Dans le nord du désert de Mojave, face aux reliefs cuivrés de Red Cliffs et aux lignes lointaines des Pine Valley Mountains, une silhouette sombre se détache à peine du paysage volcanique. Baptisée Rock House, cette demeure familiale à la façade noire semble née du champ de lave sur lequel elle repose. Construite en 2014 puis ravagée par un incendie avant d’être acquise par ses actuels propriétaires, elle offrait une page blanche absolue, une liberté rare que le Design Studio JAC a su transformer en manifeste d’élégance minérale.

© Photo: Thibault Debaene / AD Magazine

Sous la direction de Jourdan Hammond, aux côtés d’Ashley Viola et Céline Hellin, le projet a été pensé comme un sanctuaire : un lieu pour ralentir, contempler et se reconnecter à la nature. Ici, chaque pièce dialogue avec l’extérieur. Une baie vitrée cadre un horizon comme un tableau vivant ; la texture d’un mur répond à la rugosité de la roche ; la lumière, changeante, sculpte les volumes au fil des heures. À l’aube, les tons se réchauffent ; à midi, ils deviennent graphiques et austères ; au crépuscule, ils s’embrasent d’orangés profonds. La palette intérieure accompagne ces métamorphoses, dominée par des neutres chaleureux, ponctués de rouille, d’olive et de noir.

Fidèle au modernisme du désert, l’architecture affirme ses toits plats, ses murs épais en stuc et ses lignes franches. À l’intérieur, les matériaux ont été choisis pour leur tactilité et leur pérennité. Les enduits à la chaux diffusent une lueur douce ; de larges planches de bois belge ancrent les sols dans une tonalité sombre qui fait écho au basalte environnant. Dans le salon, une cheminée en acier laminé à froid s’élève du sol au plafond, en résonance avec un escalier façonné dans le même matériau par un artisan local.

© Photo: Thibault Debaene / AD Magazine

Les îlots en pierre, les comptoirs polis et les menuiseries sculpturales semblent moins construits qu’extraits du sol, comme des formations géologiques façonnées par le temps. Les chambres, enveloppées de microciment, évoquent des grottes contemporaines propices au silence et à la méditation. Ici, le luxe se murmure : l’artisanat remplace l’ornement, et la nature devient l’œuvre maîtresse.

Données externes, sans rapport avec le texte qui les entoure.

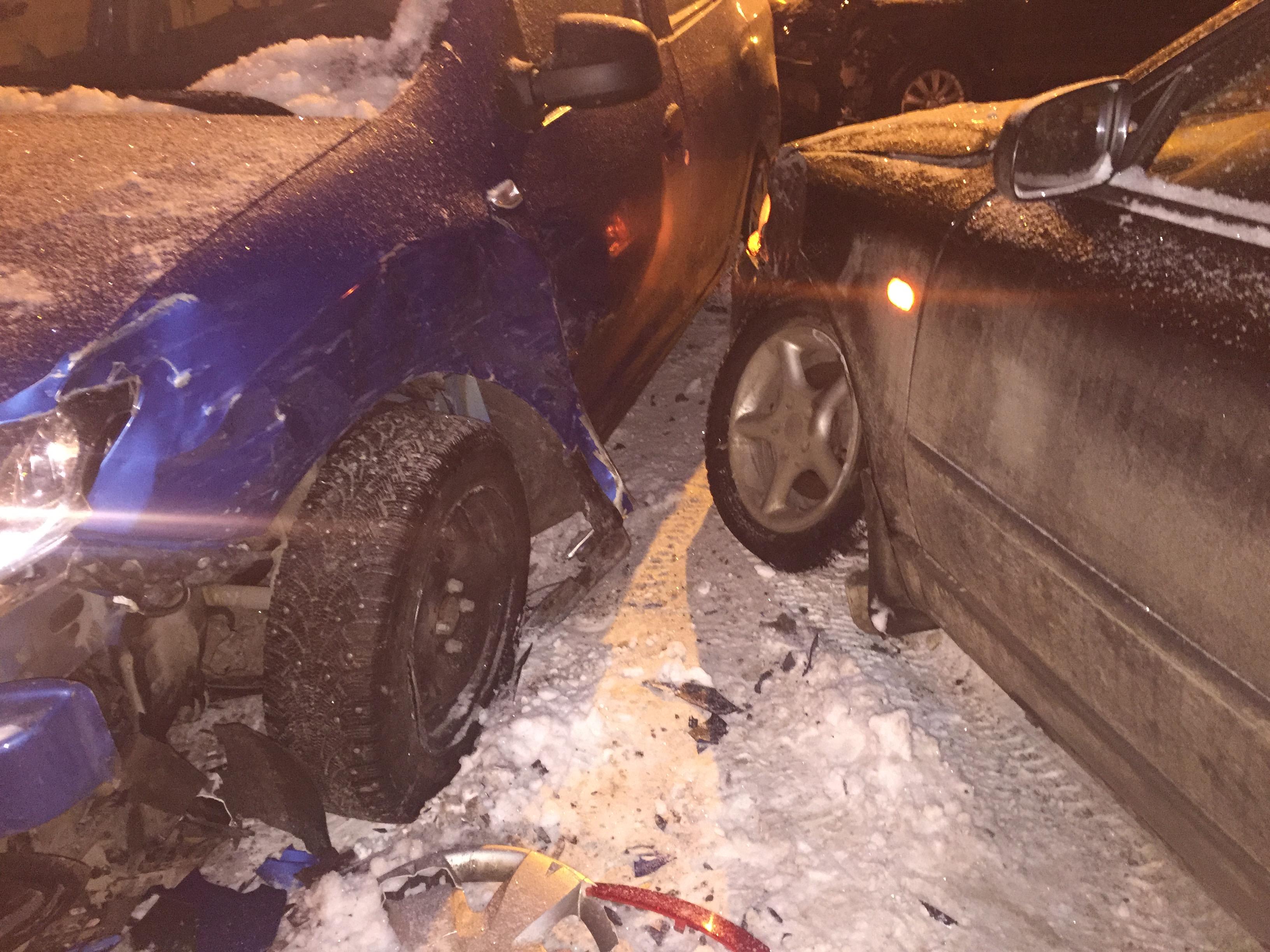 Авария произошла около закрытой стоянки вертолетного завода, участники шкода и фольцваген пассат , обе выехали на 4 припаркованные машины

Le mobilier sur mesure imaginé par l’agence prolonge cette harmonie. Canapé aux proportions généreuses, tables basses en bois brûlé dessinées par Céline Hellin, tabourets monolithiques dans la cuisine, lits intégrant tables de chevet et bureaux en bois sculpté : chaque pièce s’inscrit dans une gamme de gris chauds en dialogue avec le paysage. Ces créations côtoient des icônes modernistes et contemporaines choisies avec précision : chaises vintage de Tobia Scarpa dans le coin petit-déjeuner, fauteuils Utrecht en charbon de bois de Gerrit Rietveld pour Cassina près de la cheminée, table à manger en microciment en forme de roche signée Armand & Francine, associée à un lustre d’Apparatus Studio.

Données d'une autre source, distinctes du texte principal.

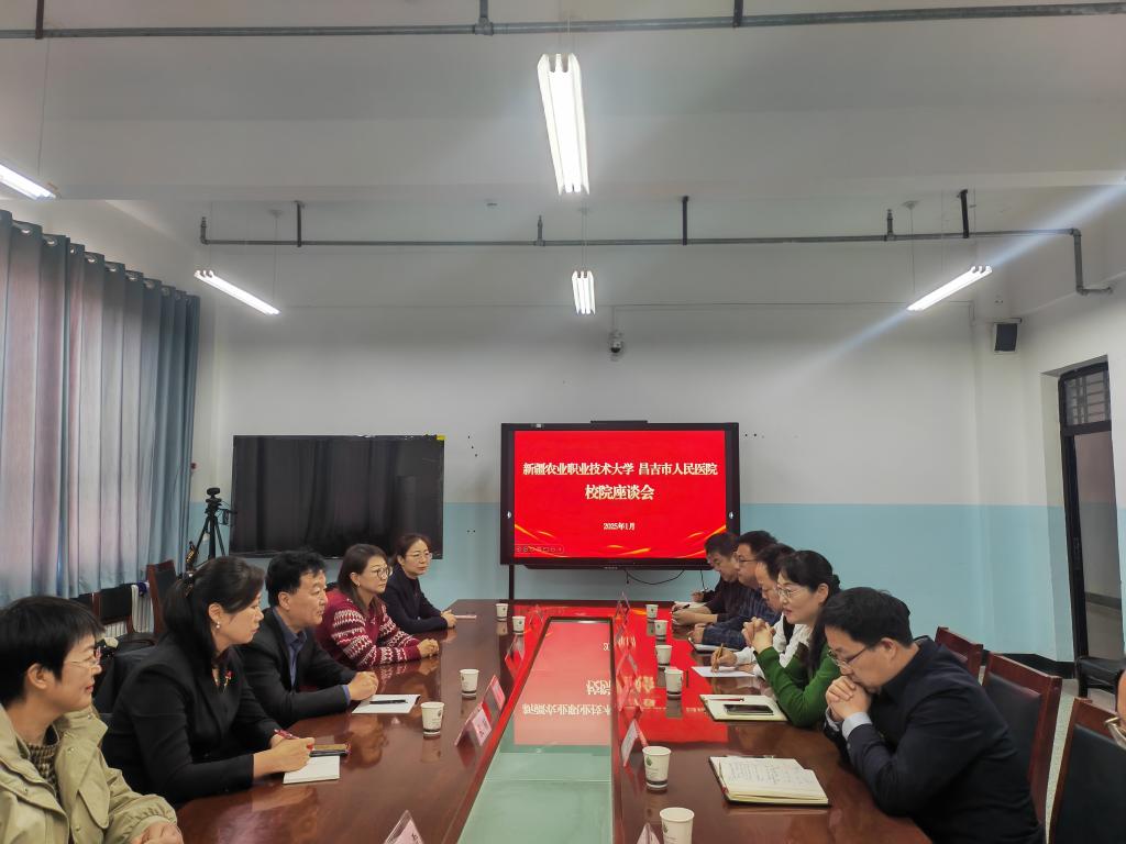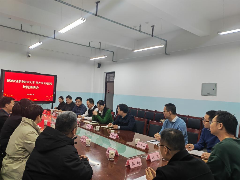 2025年1月17日上午,昌吉市人民医院党委书记张勇一行来我校生物科技学院1619会议室开展交流座谈。校党委副书记李建荣,校党委常委、副校长邓双义出席,科研处、生物科技学院、动物科技学院等相关负责人参加座谈,座谈会由李建荣主持。

Le désert n’a jamais cessé d’être la matrice du projet. À chaque visite, l’équipe photographiait cactus, plantes arides et formations rocheuses afin d’élaborer une palette directement inspirée du site. Des pierres ont été prélevées pour trouver la nuance exacte du stuc extérieur, afin que la maison semble véritablement émerger du champ de lave. Même les touches finales rendent hommage à cet environnement : branches et herbes séchées, patiemment collectées lors de randonnées parfois acrobatiques, ou trésors glanés parmi les rebuts d’une équipe de paysagistes, clin d’œil délicat à l’idée que les déchets des uns deviennent les joyaux des autres.

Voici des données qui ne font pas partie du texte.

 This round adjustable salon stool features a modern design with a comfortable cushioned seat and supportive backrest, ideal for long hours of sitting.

© Photo: Thibault Debaene / AD Magazine

Malgré cette attention extrême aux détails, l’ensemble donne une impression d’évidence. Dès le premier voyage, la vision s’est imposée avec une clarté instinctive. Esquissé dans l’avion du retour, le concept n’a pratiquement pas évolué. Plus qu’une invention, Rock House ressemble à une révélation, comme si elle avait toujours été là, tapie dans la lave noire, attendant simplement d’être révélée.